# Why's Aqua Soil melting everything?



## Mr. Fish (Oct 24, 2007)

This Aqua Soil stuff is either over hyped or i'm doing something wrong :-x

I've never ran into so many problems in one tank intill I started using this substrate, so if someone can help me figure out whats going on before my frustration level rises anymore.

*Heres my specs:*

*Tank:* 15 gal rimless
*Substrate:* Aqua Soil Amazonia new mixed with a little old
*Lighting:* USA Power compact with dimming fan (1x40w dual daylight PC and 1x36 ADA 8,000k PC bulb)
*Timer:* 6 hours
*Co2:* Presurized aquatek regulator/ glass diffuser
*Nutrients:* Not dosing yet

First issue, every plant I put in this tank seems to melt.



Theres other plants I dont have pics of that I take out of my other tank that look great full of colors, as soon as I place in this tank leaves start melting??

2nd issue: Green Dust algae like crazy plus some sort fuzzy thread stuff that doesent look like the normal stuff i've seen





The HC starts showing signs of new growth but then the fuzzy ish will come and kill it all off.. Stem plants will grow a little then melt off.

Now I did some research and from what I read Aqua soil has a routine of water changes you need to go thru. Before I started ammonia was high, water changed out every other day now and I'm down to just above zero yet plants still melting. Co2 indicator reads greenish yellow so the only thing I can think of is the lighting is too bright, the 8,000k ada bulb should be swapped out for another dual bulb or the Aqua soil is just overhyped??

You tell me...


----------



## Mr. Fish (Oct 24, 2007)

Considering i'm running a Eheim 2215 with a Flow rate of 164 GPH on a 15 gallon tank I would say there's sufficient flow.

I also use Do Aqua lily pipes for the in/out's


----------



## mudboots (Jun 24, 2009)

I've heard that the aquasoil will release lots of N (ammonia and nitrate) at first, so maybe you're getting a hot flash that's burning plants up and tossing the imbalance. I experimented once with an organic substrate without a break-in (soaking/drying the substrate before use) and got a full blanket of what you see in your tank (the fungus stuff).

I notice you are pushing about 5 wpg as well and stated you are not currently dosing. That'll hurt as well IMO by pushing the plants to grow with the light and CO2 but not giving them the nutrients they need.

Glad to see you are using sufficient filtration for the tank. I've wondered why marketers list certain flow rates per gallonage of tank, and I notice that when folks go for the 10x flow and 10% or greater volume the results are pleasing.


----------



## cookymonster (Jul 6, 2012)

oh that is a lot more filtration than i thought then it might be the amonia since the soil is brand new


----------



## LAKE (Jun 27, 2012)

That hair stuff grows well in the presence of ammonia and complete lack of CO2. I'd say your plants are using the CO2 completely, leaving you at zero for part of the light cycle where the hairy algae takes advantage of the ammonia. 

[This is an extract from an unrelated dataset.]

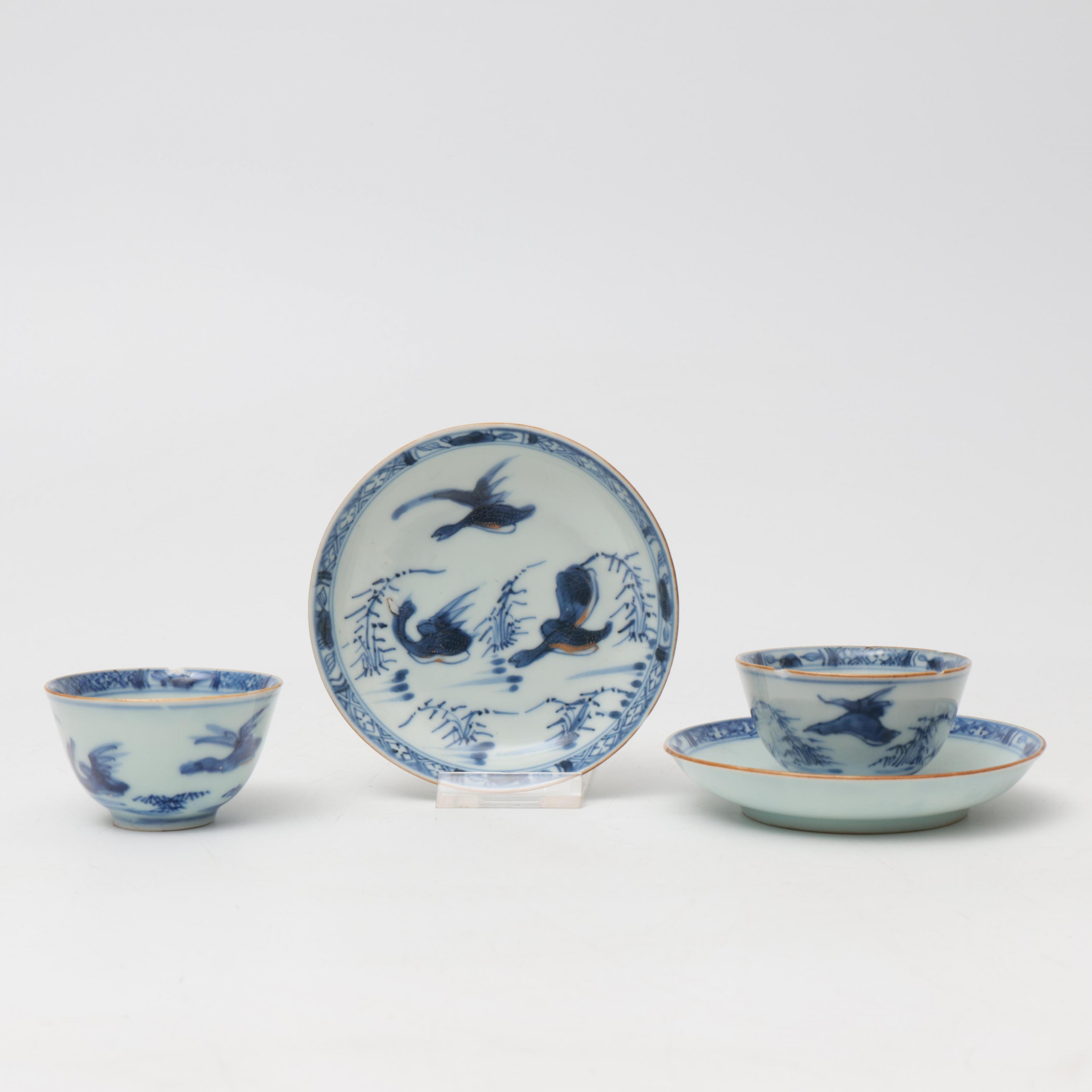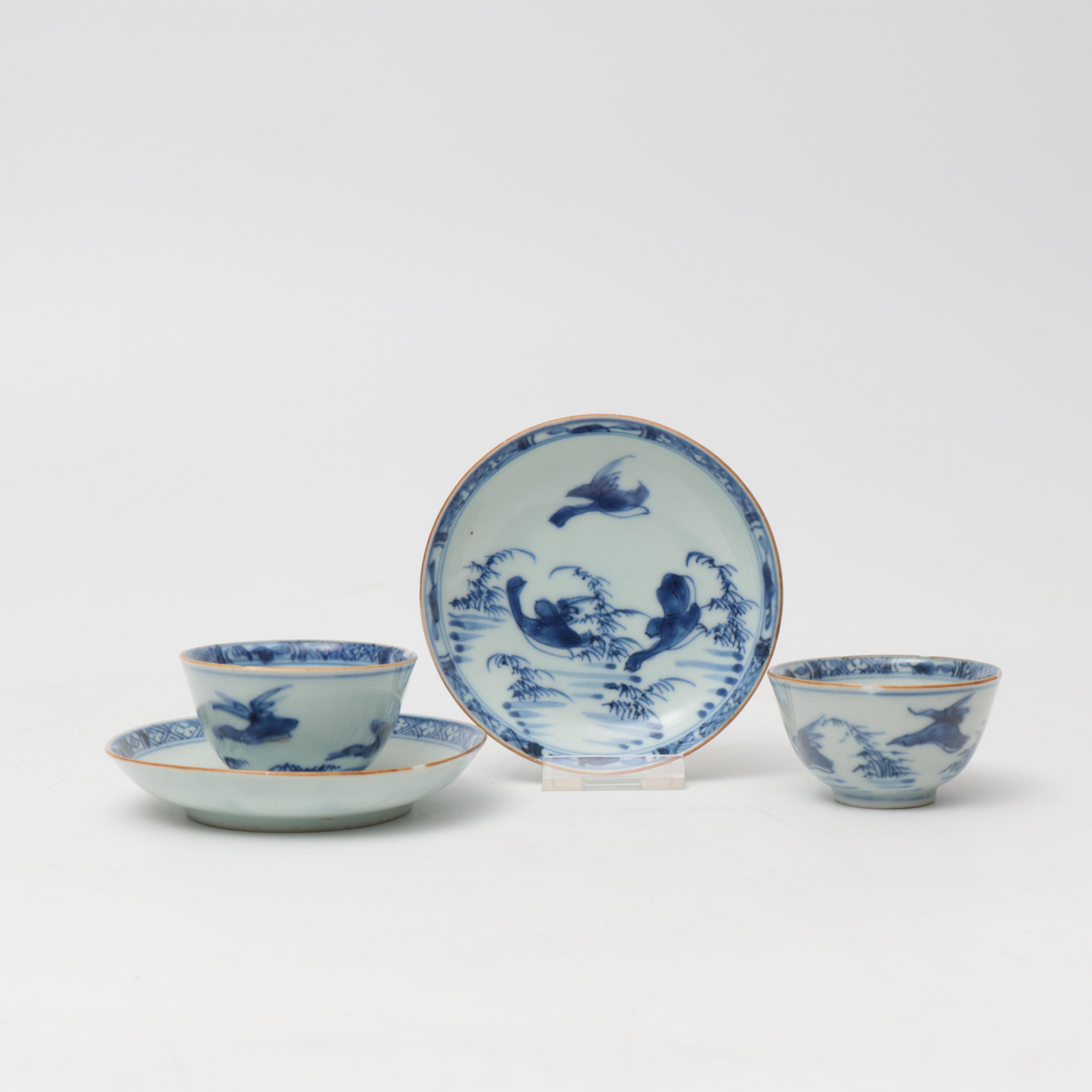 China, a pair of blue and white porcelain cups and saucers, 18th century,

I would suggest shortenning the light cycle for a while until the ammonia is in check. This should eliminate the zero CO2 period. Another way is to boost CO2 during this period is to do a really small water change during or a little before the middle of the light cycle. Not always convenient, might not be so bad for ammonia reduction though.

If you are not using CO2 injection, adding an air stone may be considered?


----------



## LAKE (Jun 27, 2012)

You say timer: 6 hours.

Is this 6 light + 6 dark every 12 hours?

I have considered this but have read that CO2 balance is much more difficult to achieve naturally at first. The melting you describe has been shown as an example of this, consider the plants suffocating. Maybe consider a more traditional light cycle until this substrate gets worked in?


----------